Engage Whom? And to Do What?
- 07.06.2009 - 10:58 AMOver the weekend, both the president and vice president declared that they aren’t going to allow a mere once-in-a-generation democratic revolution and brutal suppression in Iran stand in the way of the Grand Bargain. In separate interviews, both Biden and Obama declared America ready to “engage” Iran. Someone should ask them, “Engage with whom?” Presumably, with the thugs who have murdered their own people and declared themselves bent on acquiring nuclear weapons and wiping out Israel. And presumably not the influential group of clerics who have decried the new government as “illegitimate.”

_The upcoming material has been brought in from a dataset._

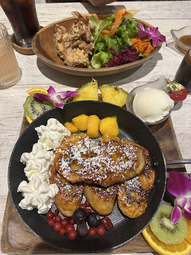 Read moreIf you're looking for some delicious pancakes and options these is the place to go. I had three (3) pancakes with bananas, carmel sauce and whipped creme on the side. Scrambled eggs with cheese which I didn't see on the menu (I'm glad I asked), mahi mahi fish sandwich topped with a fried egg. My choices were awesome, tasteful and presented well. The alcoholic beverages weren't that good. I had a beer instead. I highly recommend eating here while in Okinawa American...
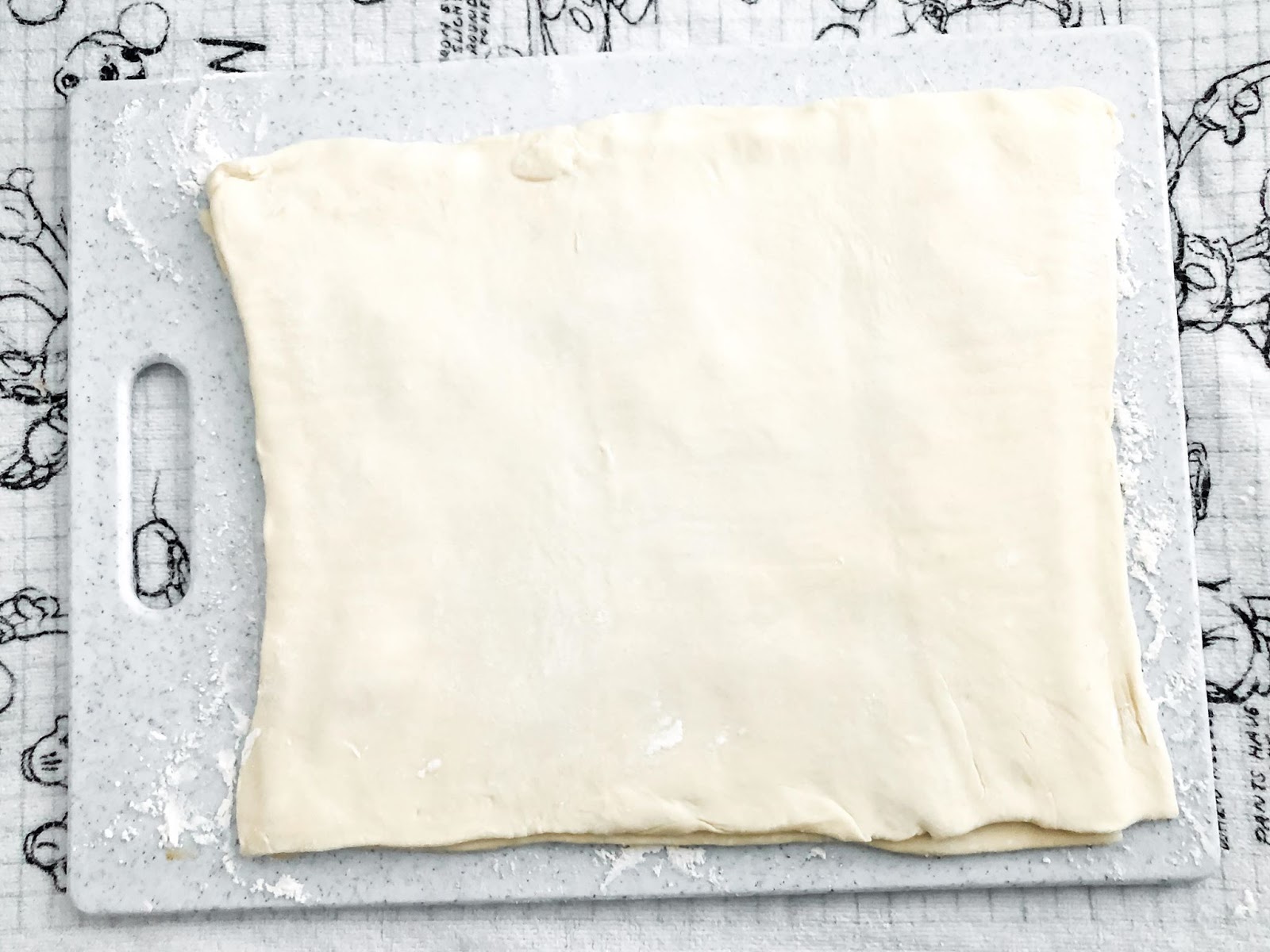 3) Place one sheet of puff pastry onto a lightly floured, movable, flat surface, such as a lightweight cutting board. Lightly dust surface of pastry with flour and roll to smooth creases.

The president seems oblivious to what is perhaps the most significant development since the start of the Iranian popular revolt — the Qom’s Association of Religious Scholars’ call for new elections. As Reuel Marc Gerecht details in a fascinating column:
This is likely a monumental blow to Ali Khamenei’s position as Supreme Leader. . . They have now exploded into open dissent that guts the religious attacks of Khamenei’s most powerful allies–the Revolutionary Guard Corps and their baton-wielding thuggish appendage, the Basij–against Mir-Hussein Mousavi, the leader of the opposition. To use an Iraqi parallel: what the clerics of Qom just did to Khamenei is similar to what Ayatollah Sistani did to the Bush administration’s original idea of caucus balloting in Iraq (if we recall, the Bush administration came up with this plan since it feared both the demands and the results of a free election). Qom has shown itself to be the worthy inheritors of the more progressive clergy of the 1905-11 Iranian revolution, when ideas about representative government began to seep into traditional clerical views about the need for independent religious scholars to supervise the ethics of government. Qom has clearly said that the June 12th elections were fraudulent and therefore null and void; most of the city’s religious scholars have now implied, more openly than ever before, that Khamenei is an illegitimate ruler, who has betrayed the faith as well as the people. This is the stuff that in-house, counter-revolutions are made of.

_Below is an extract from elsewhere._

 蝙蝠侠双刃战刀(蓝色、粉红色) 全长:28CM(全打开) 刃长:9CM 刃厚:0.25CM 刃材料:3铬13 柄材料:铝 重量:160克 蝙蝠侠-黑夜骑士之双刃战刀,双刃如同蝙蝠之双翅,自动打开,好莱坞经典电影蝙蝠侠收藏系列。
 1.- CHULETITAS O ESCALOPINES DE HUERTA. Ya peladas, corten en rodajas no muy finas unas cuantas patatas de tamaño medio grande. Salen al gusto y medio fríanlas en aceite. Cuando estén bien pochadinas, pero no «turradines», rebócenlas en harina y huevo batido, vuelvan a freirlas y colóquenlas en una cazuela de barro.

Gerecht is rightly concerned that the president shows no sign that he is willing to re-evaluate his stance of abject timidity. (”President Obama appears to be blind to the most amazing time in the Middle East since the Islamic revolution.”) One can only marvel at the self-delusion that allows the president to say things like:
“We’ve got some fixed national security interests in Iran not developing nuclear weapons, in not exporting terrorism, and we have offered a pathway for Iran to rejoining the international community.”

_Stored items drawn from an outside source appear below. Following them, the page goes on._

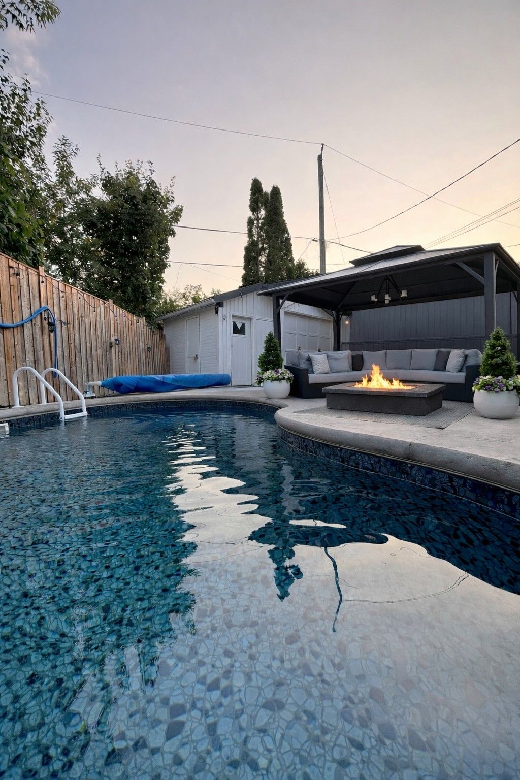 • Private backyard with heated saltwater in-ground pool and gazebo.
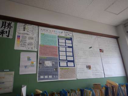 夏休みの素敵な自由研究が、教室や廊下に展示されています。
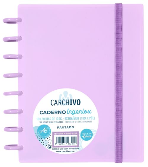 CUADERNO INGENIOX A5 100H CUADRICULA MALVA PASTEL
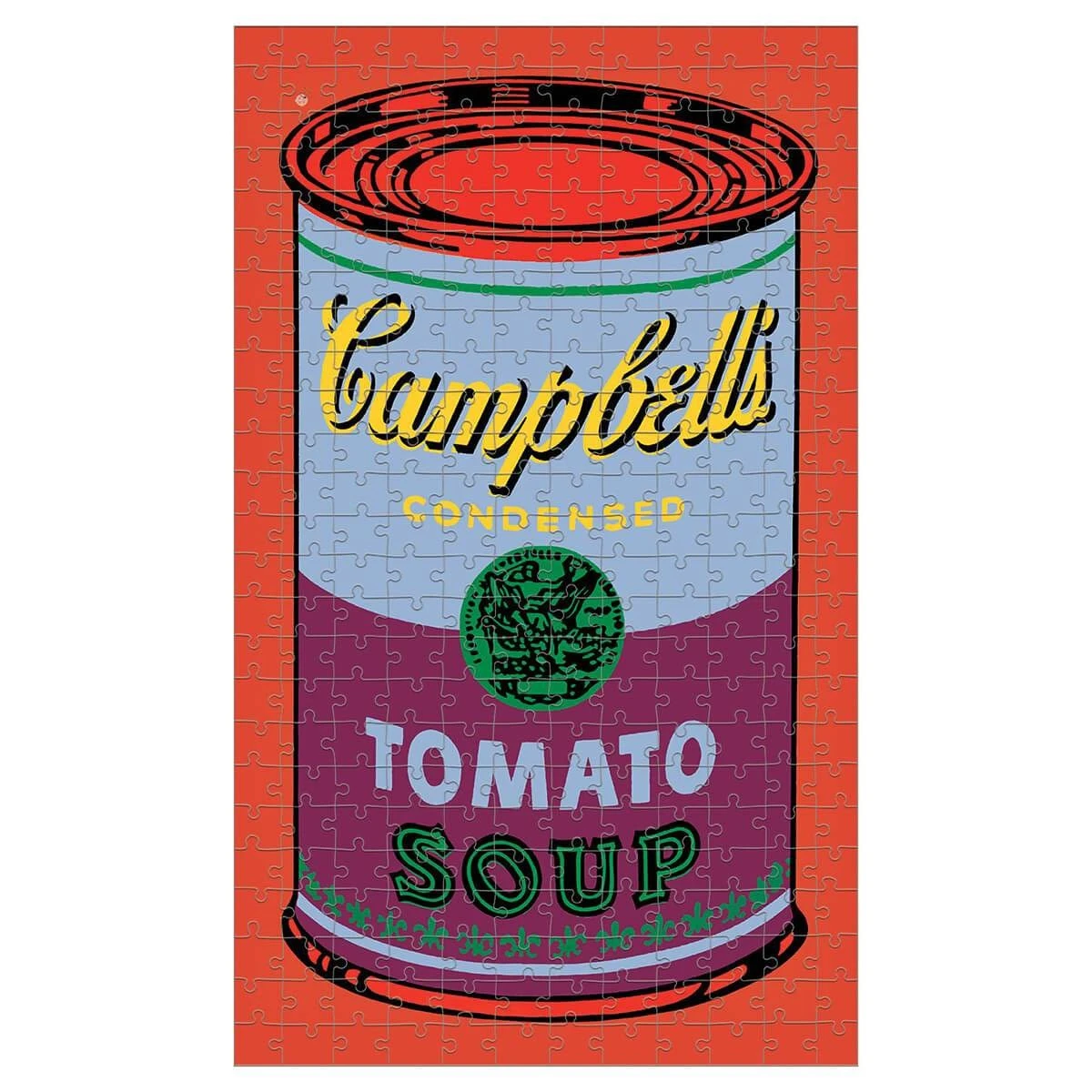 For puzzlers and Warhol fans of all ages. The jigsaw pieces are made of 90% recycled paper and come packaged in a sturdy stackable canister. Tomato was the first of Andy Warhol’s iconic Pop Art Campbell’s soup can paintings.
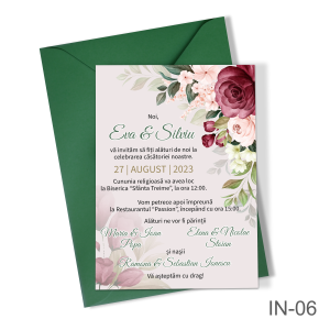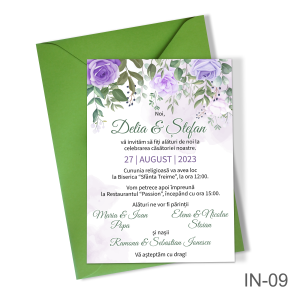Invitatii nunta simple cu decoratiuni florale – IN-08
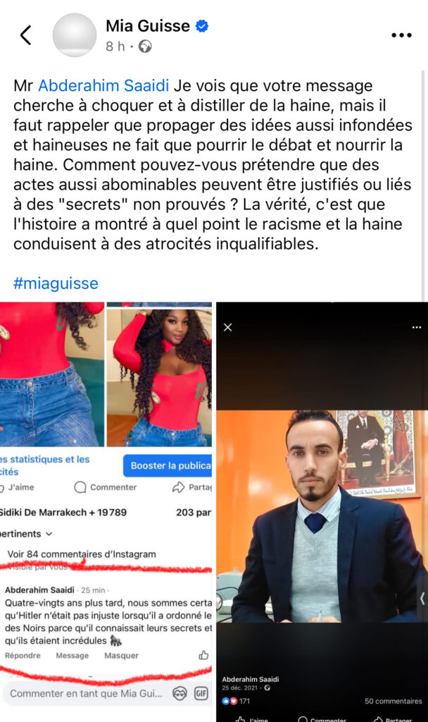 L’internaute, identifié comme Abderahim Saaidi, a tenu des propos jugés racistes et profondément offensants, évoquant de manière choquante Adolf Hitler et tenant des déclarations haineuses à l’encontre des Noirs.
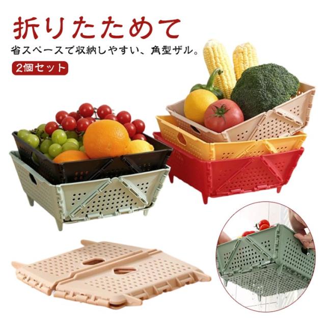 取っ手付き 2個 折り畳み 角型 セット 用品 サラダ水切り ざる ザル 四角 水切りざる 野菜水切り 水切り 下ごしらえ 収納 コンパクト 角ざる 折りたたみザル キッチンツール 調理器具 プラスチック 新生活 一人暮らし キッチン 台所 水切り器 キャンプ アウトドア
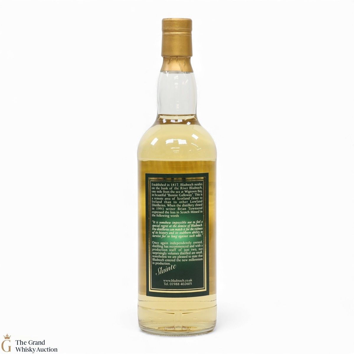 Due to the various ages of bottles and their seals, the condition of liquid is at the buyer's discretion and no claim can be lodged against failure/leakage in transit. Loss and breakage cover is available at 3% of the hammer price as standard. If the lot is not insured, no claim can be lodged against the courier or The Grand Whisky Auction for breakage or loss in transit.
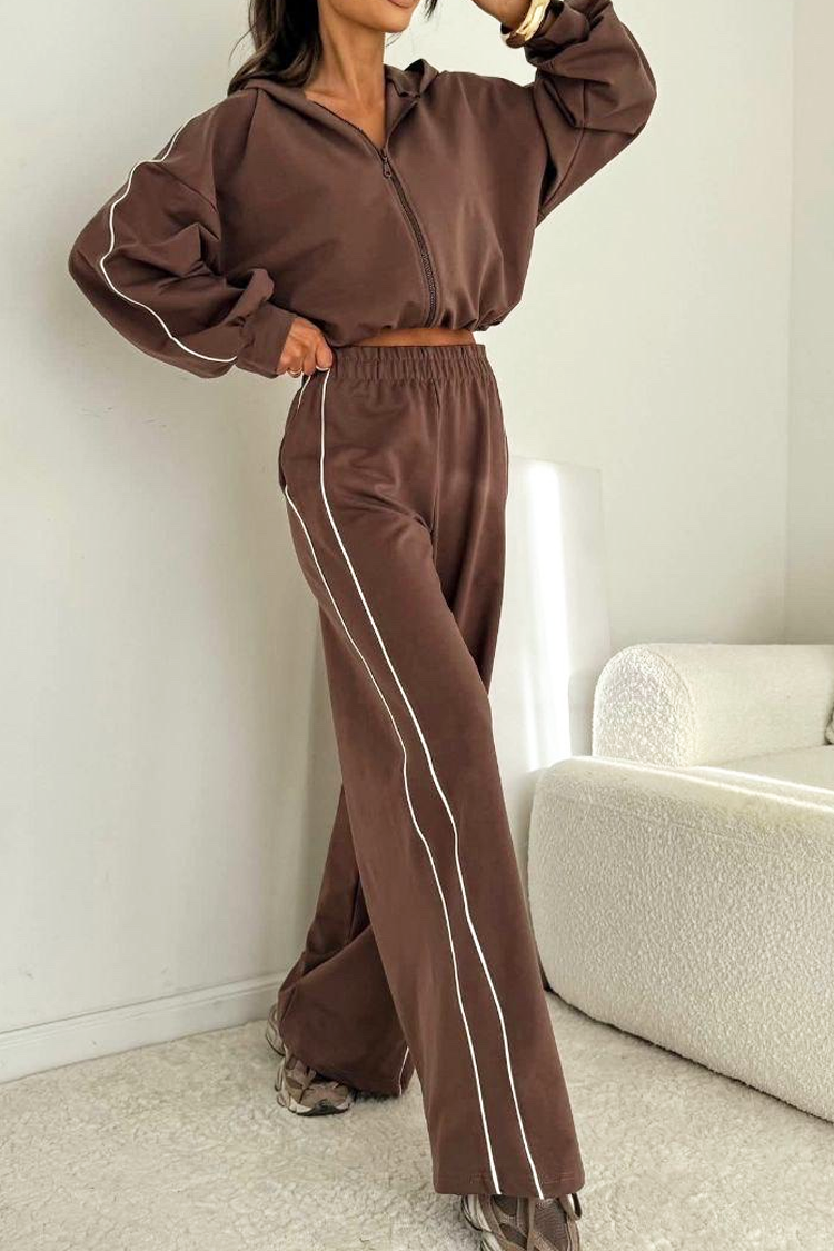 - Bluza zapinana jest na zamek i ma kaptur, a spodnie mają wysoki stan i szerokie nogawki.

No fixed interests in democracy or human rights, have we? And no fixed interests in pursuing a policy with a remote chance to bear fruit. How many Iranians must be hanged or thrown in Evin prison before Obama understands that the Iranian government is not interested in “rejoining the international community”? Is there no one in the administration who might point out the significance of the “severe disconnect between their objectives and reality”?
Ironically, while the president lives in his own fantasy world of engagement with a regime that might with a good shove collapse, according to a Times report, the Saudis are just fine with an Israeli strike on Iran. At least the Saudis have woken up to the danger posed by “the repressive Shi’ite regime in Tehran and have increased fears that it may emerge as a belligerent nuclear power.”
While the Saudis may be looking around for Plan B, Obama is plainly stuck on Plan A. There is no hint of the most “realistic” policy available being to tip the balance away from the current regime, deny legitimacy and recognition to the current crew, round up international organizations, and impose an array of sanctions to aid in those efforts. You know, just like the Obama team is trying out in Honduras (where the military and legislature were merely attempting to preserve their own constitution).
The president is willing to recognize no set of facts or moral considerations that will dissuade him from pursuing “engagement” with Iran. This is the triumph of blind ideology over reason, facts, history, and common sense.